▶ ASSIGNMENT
Would you write out the lines below exactly, from the one containing "利拉德重伤 哈利17+8+15 字母哥28+15 步行者3-1擒鹿夺赛点" to the very last, but without the pictures?

|---|

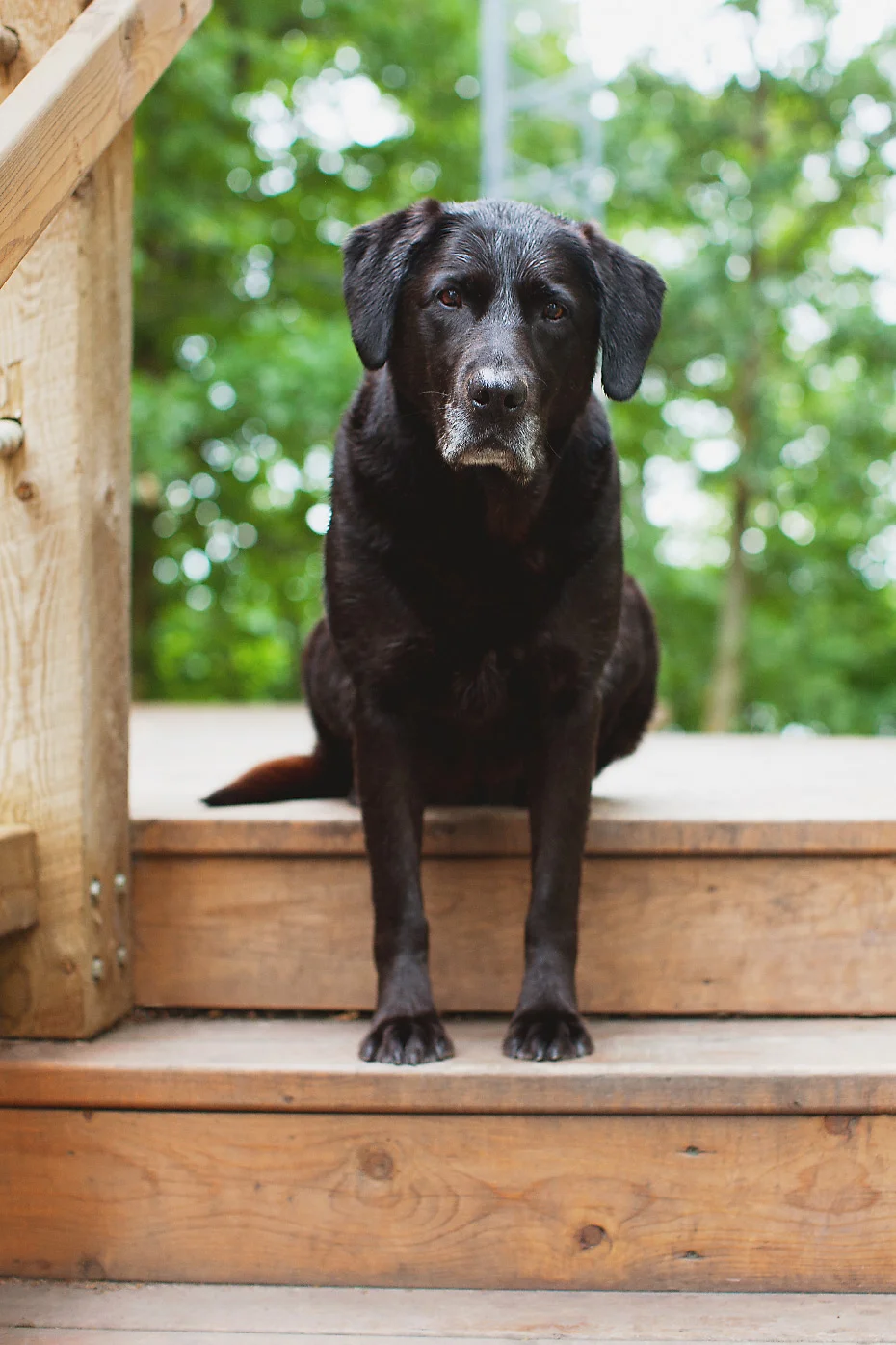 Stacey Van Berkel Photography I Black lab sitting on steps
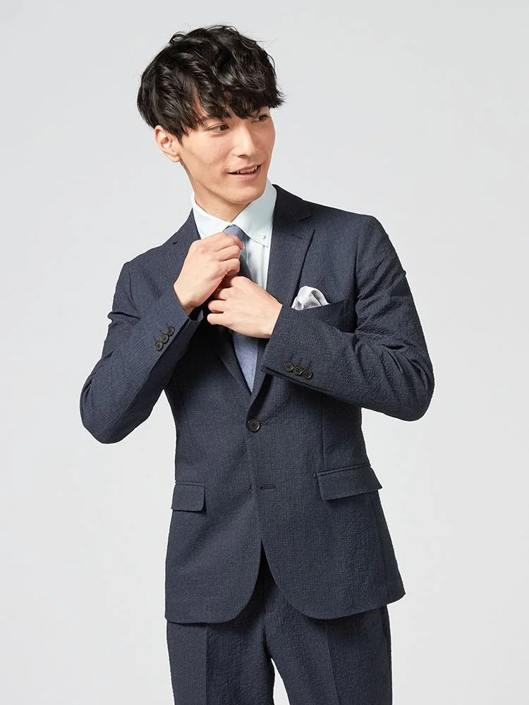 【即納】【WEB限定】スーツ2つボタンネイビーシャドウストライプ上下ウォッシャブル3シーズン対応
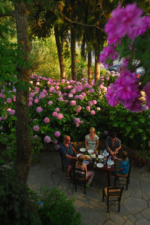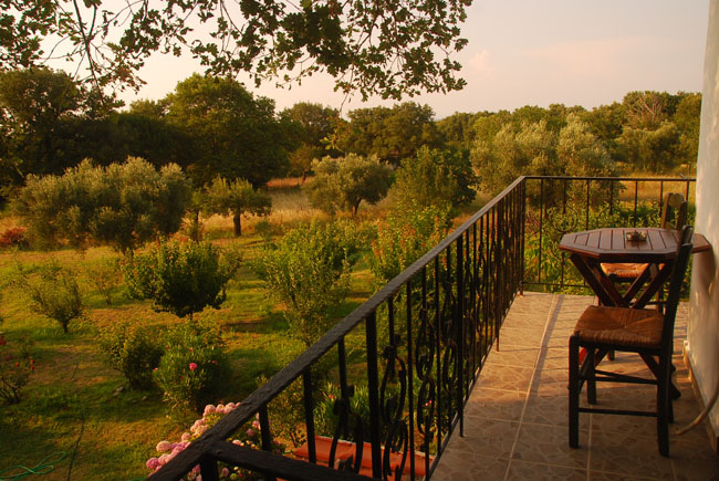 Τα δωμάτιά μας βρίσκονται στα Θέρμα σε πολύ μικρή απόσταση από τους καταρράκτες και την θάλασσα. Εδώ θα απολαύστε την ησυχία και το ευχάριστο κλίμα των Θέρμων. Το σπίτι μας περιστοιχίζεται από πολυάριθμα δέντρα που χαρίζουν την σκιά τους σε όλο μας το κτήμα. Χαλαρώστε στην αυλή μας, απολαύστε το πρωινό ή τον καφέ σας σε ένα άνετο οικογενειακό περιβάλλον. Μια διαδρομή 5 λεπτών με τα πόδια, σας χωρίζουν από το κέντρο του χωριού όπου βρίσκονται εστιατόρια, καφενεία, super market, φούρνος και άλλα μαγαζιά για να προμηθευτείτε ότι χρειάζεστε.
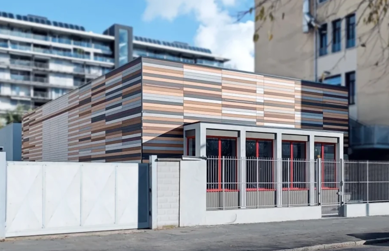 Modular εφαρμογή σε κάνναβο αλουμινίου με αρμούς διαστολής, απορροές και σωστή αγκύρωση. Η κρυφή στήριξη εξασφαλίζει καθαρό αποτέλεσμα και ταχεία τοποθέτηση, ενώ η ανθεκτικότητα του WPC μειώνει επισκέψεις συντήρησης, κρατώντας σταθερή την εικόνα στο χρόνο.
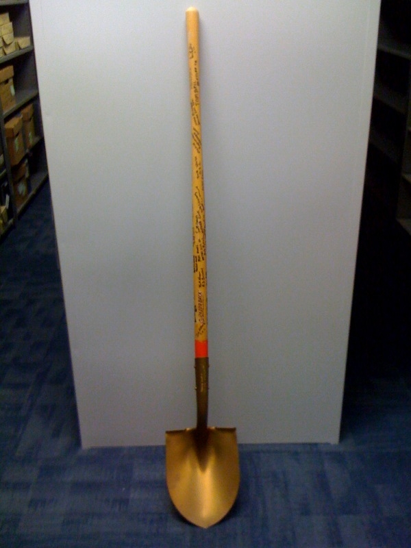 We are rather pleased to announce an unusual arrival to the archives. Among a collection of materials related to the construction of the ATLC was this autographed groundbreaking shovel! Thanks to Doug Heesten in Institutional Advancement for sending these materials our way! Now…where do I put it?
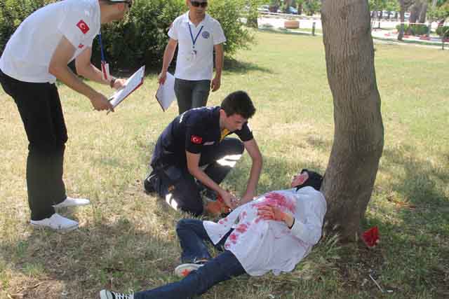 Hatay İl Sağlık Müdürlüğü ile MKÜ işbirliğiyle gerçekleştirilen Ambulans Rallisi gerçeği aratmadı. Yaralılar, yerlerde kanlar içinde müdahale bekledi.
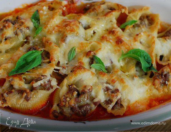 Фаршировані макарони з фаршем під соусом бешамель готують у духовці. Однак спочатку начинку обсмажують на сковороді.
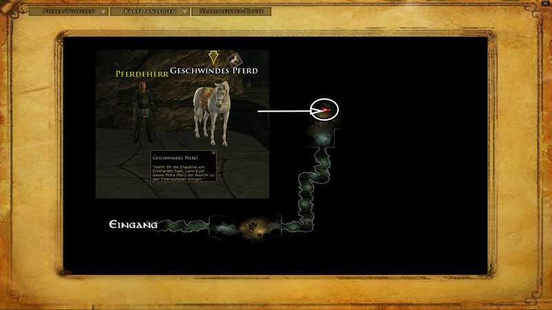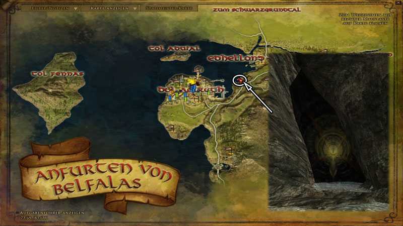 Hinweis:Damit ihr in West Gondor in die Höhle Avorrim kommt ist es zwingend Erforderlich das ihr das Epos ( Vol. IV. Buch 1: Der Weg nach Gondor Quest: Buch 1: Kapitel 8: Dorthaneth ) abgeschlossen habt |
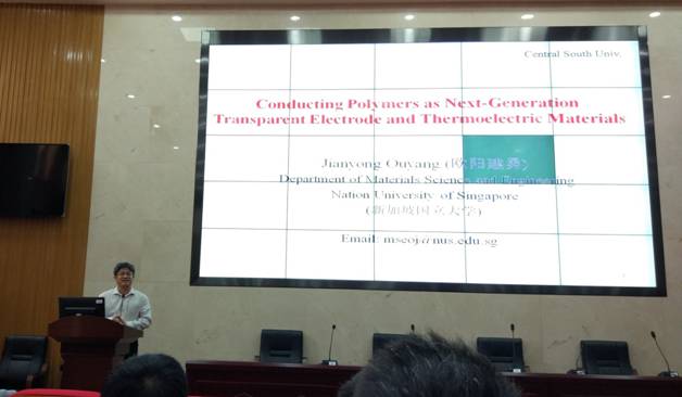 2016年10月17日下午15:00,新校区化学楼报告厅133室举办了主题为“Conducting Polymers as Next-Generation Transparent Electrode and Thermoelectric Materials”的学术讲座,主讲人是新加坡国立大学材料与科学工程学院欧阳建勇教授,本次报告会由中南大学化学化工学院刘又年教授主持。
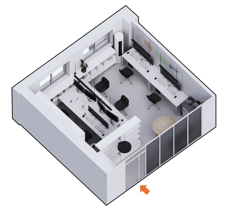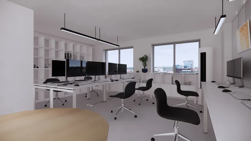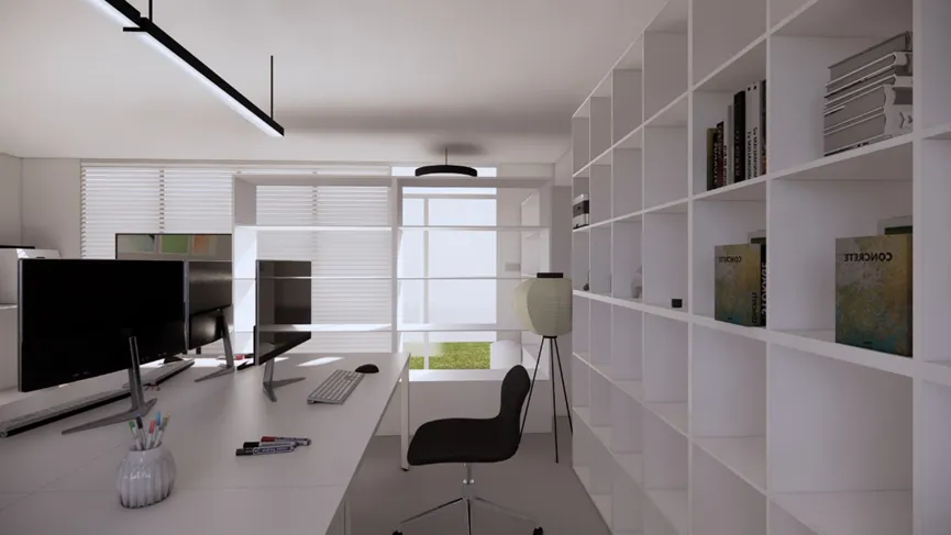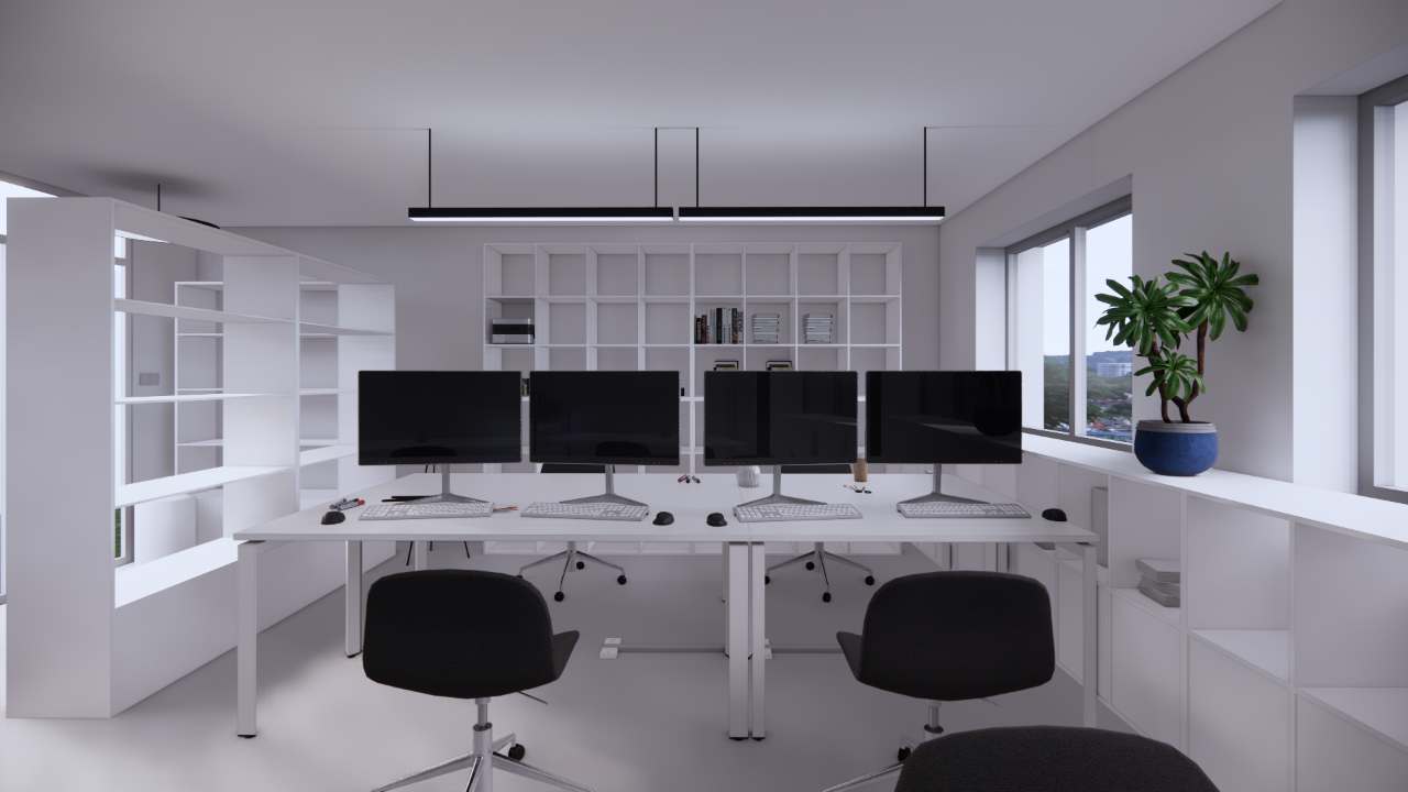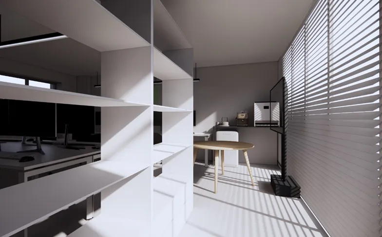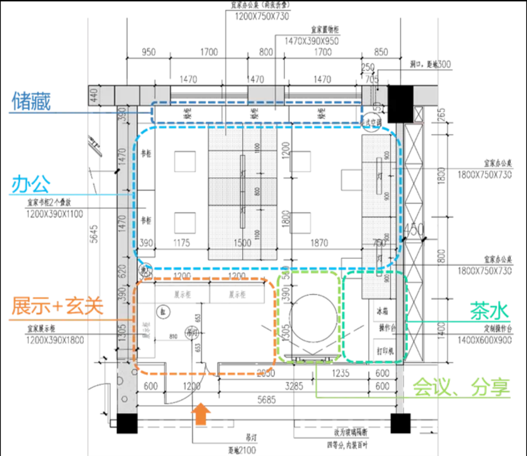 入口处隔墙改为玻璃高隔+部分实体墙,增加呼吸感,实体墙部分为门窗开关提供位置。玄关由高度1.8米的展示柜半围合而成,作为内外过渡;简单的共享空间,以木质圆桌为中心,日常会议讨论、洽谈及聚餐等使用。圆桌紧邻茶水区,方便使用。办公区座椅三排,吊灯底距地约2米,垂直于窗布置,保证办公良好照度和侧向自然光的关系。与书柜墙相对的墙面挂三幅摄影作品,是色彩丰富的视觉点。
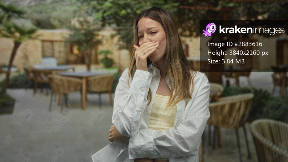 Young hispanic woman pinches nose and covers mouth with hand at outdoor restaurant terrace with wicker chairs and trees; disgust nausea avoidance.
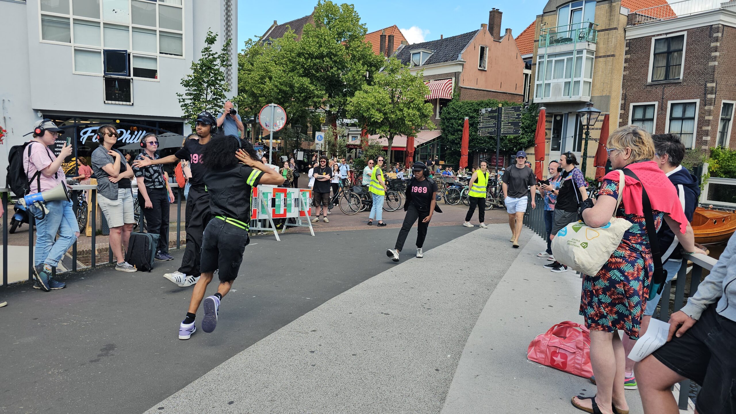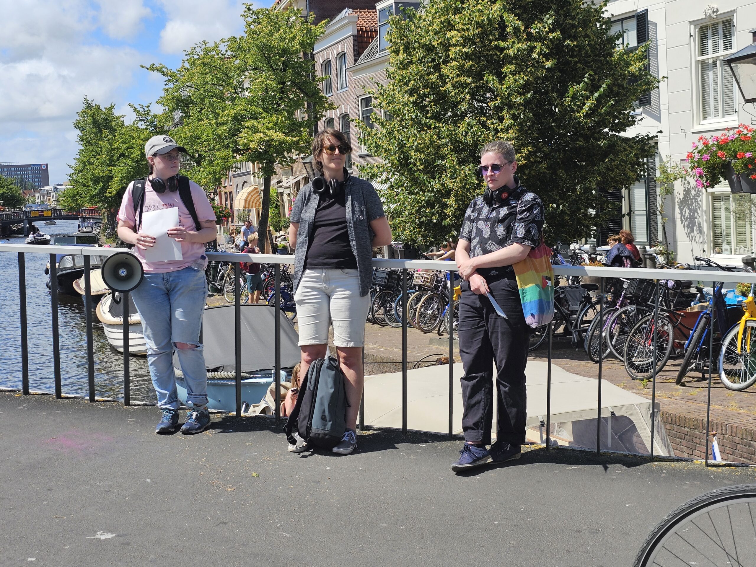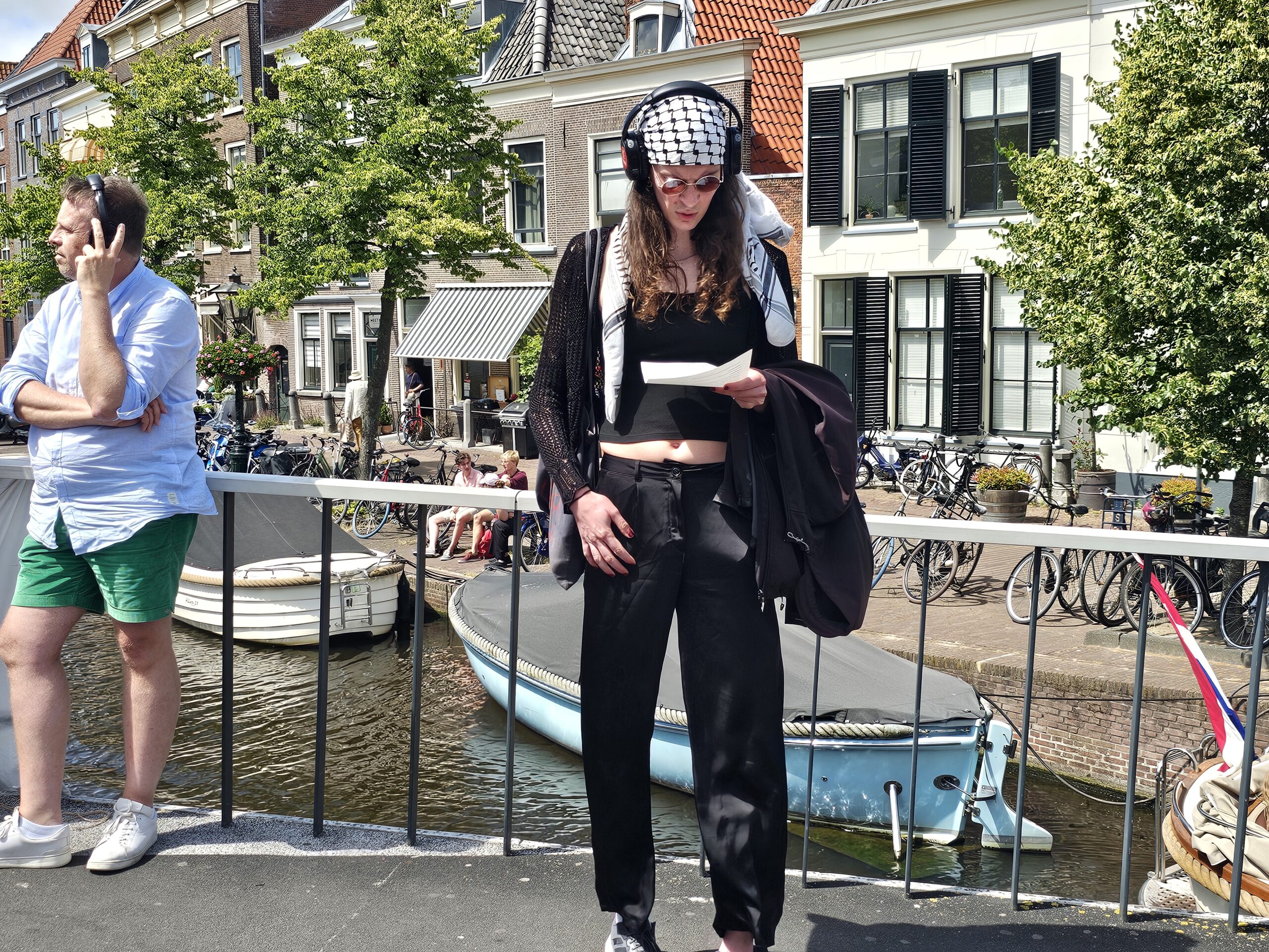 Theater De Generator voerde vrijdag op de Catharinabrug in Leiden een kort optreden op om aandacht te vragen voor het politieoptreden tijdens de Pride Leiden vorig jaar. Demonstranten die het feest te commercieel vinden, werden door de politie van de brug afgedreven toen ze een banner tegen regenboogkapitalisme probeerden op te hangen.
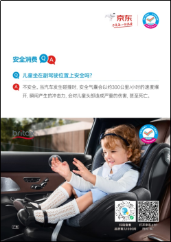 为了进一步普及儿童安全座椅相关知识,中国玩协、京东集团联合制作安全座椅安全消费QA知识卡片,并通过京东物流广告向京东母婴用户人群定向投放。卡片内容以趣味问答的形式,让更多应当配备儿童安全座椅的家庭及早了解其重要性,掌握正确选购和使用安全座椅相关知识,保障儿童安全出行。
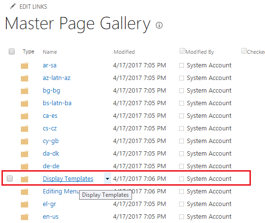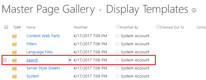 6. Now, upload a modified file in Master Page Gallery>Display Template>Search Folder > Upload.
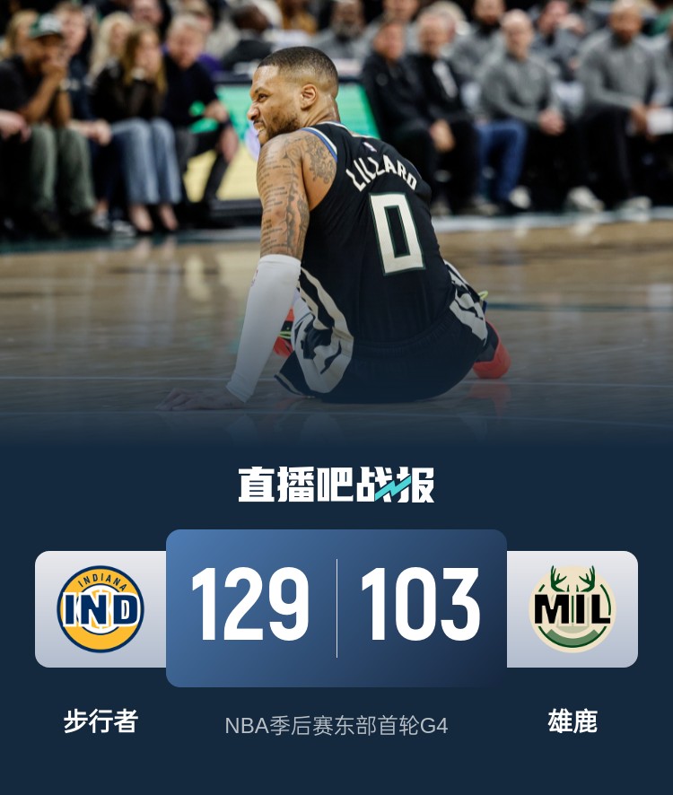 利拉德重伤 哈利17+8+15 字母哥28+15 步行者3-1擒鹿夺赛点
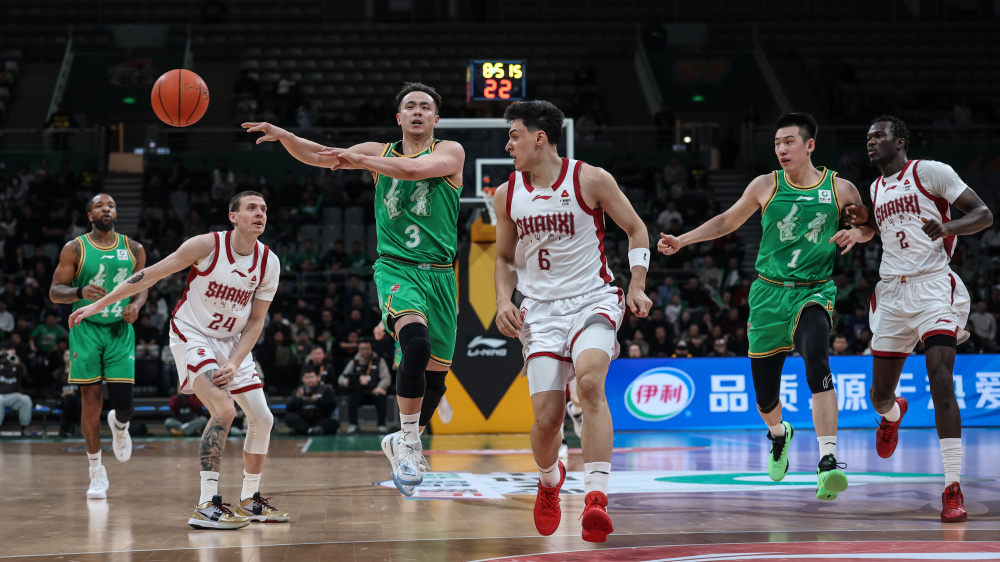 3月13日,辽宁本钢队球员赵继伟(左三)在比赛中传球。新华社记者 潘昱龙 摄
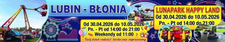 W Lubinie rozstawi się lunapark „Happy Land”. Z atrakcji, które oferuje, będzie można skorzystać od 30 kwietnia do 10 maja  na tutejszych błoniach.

|---|

▶ YOUR RESPONSE
 利拉德重伤 哈利17+8+15 字母哥28+15 步行者3-1擒鹿夺赛点
 3月13日,辽宁本钢队球员赵继伟(左三)在比赛中传球。新华社记者 潘昱龙 摄
 W Lubinie rozstawi się lunapark „Happy Land”. Z atrakcji, które oferuje, będzie można skorzystać od 30 kwietnia do 10 maja  na tutejszych błoniach.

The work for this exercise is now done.